K27EC-D, virtual and UHF digital channel 27, was a low-powered Cornerstone Television-affiliated television station licensed to Lake Havasu City, Arizona, United States. K25HD-D (virtual and UHF digital channel 25) in Bullhead City served as a translator of K27EC-D. K27EC-D was owned by Lake Havasu Christian Television, while K25HD-D was owned by Richard D. Tatham.

K25HD-D's transmitter was located approximately 12 miles (20 km) northwest of Bullhead City on Spirit Mountain, where it served both Bullhead City and Laughlin.

K27EC-D's transmitter was located on Goat Hill, approximately 5 miles (8 km) north of Lake Havasu City.
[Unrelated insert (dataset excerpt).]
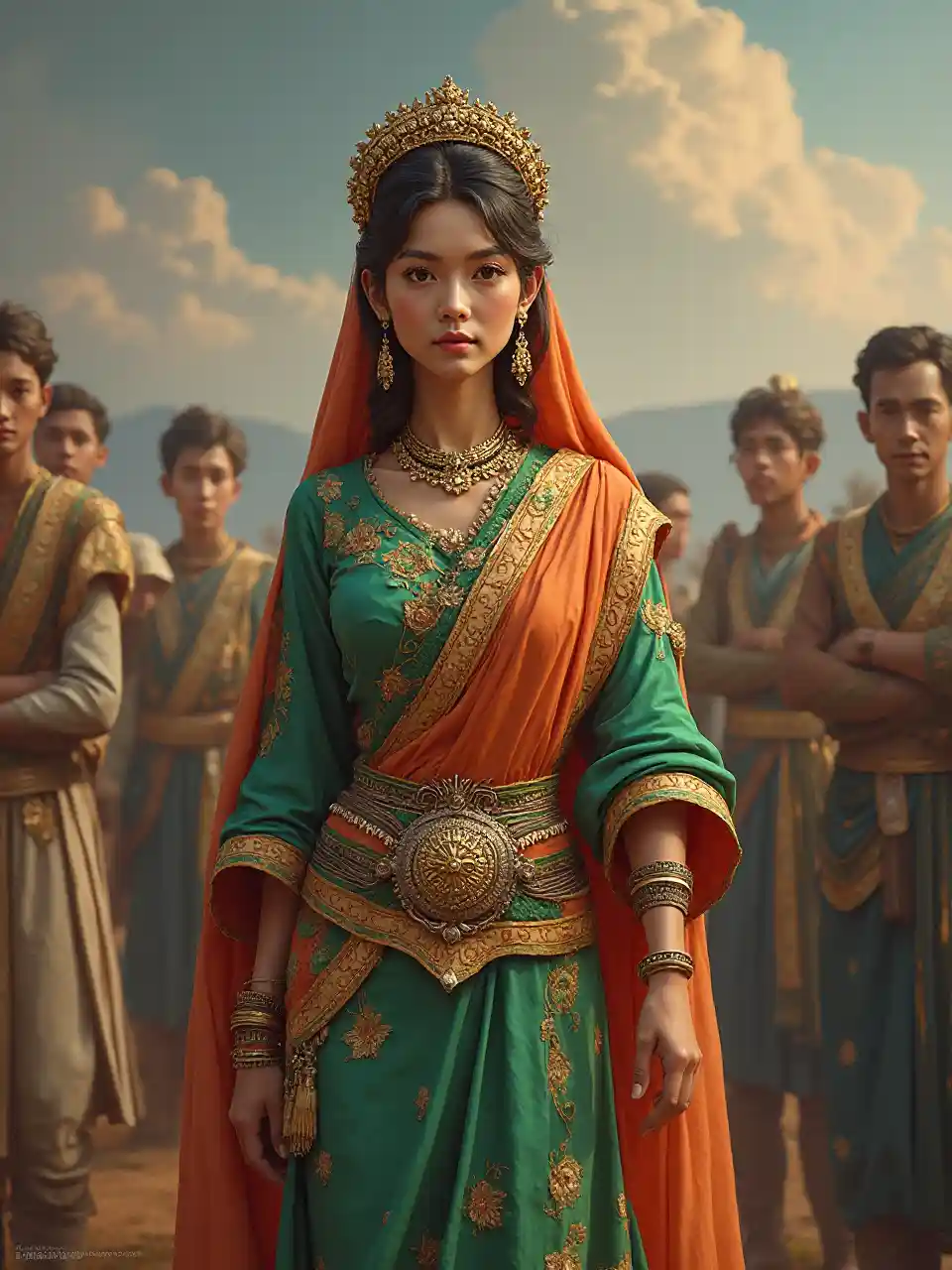 OliviaUna donna di 40 anni con un bell'abito biondo che ha un bel viso e un vestito di oro

Until 2011, the stations also provided over-the-air service to Kingman, Arizona via translator station K16GB.

History

K27EC-D
An original construction permit for a low-power station on channel 27 was issued on March 19, 1993 to Lake Havasu Christian Television. After several extensions of the construction permit, the station was licensed on March 1, 1996 and upgraded its license to Class A in September 2001. It had been known as K27EC since the original permit. Following conversation to digital broadcasting, the station changed its call sign on July 25, 2011 to K27EC-CD and again on October 18, 2011 to K27EC-D. The station also surrendered its digital class A license to the FCC on April 8, 2013, reverting to a standard digital low-power license.

K25HD-D
An original construction permit for a low-power station on channel 65 was issued on February 20, 1992 to Richard D. Tatham. The station, known as K65FI, was originally to specify Laughlin as its city of license, but changed to Bullhead City during the course of construction. After several extensions of the construction permit, the station was licensed on April 5, 1996. In 2000, required to abandon the 700 mHz spectrum, K65FI applied to move to channel 25; the application was granted in May 2001. The station also sought to convert its license to Class A. The upgrade was approved in September 2001 and the station was licensed as K25HD on June 4, 2004. Following conversion to digital broadcasting, the station changed its call sign on November 30, 2011 to K25HD-D. The station surrendered its digital class A license to the Federal Communications Commission (FCC) on April 8, 2013, reverting to a standard digital low-power license.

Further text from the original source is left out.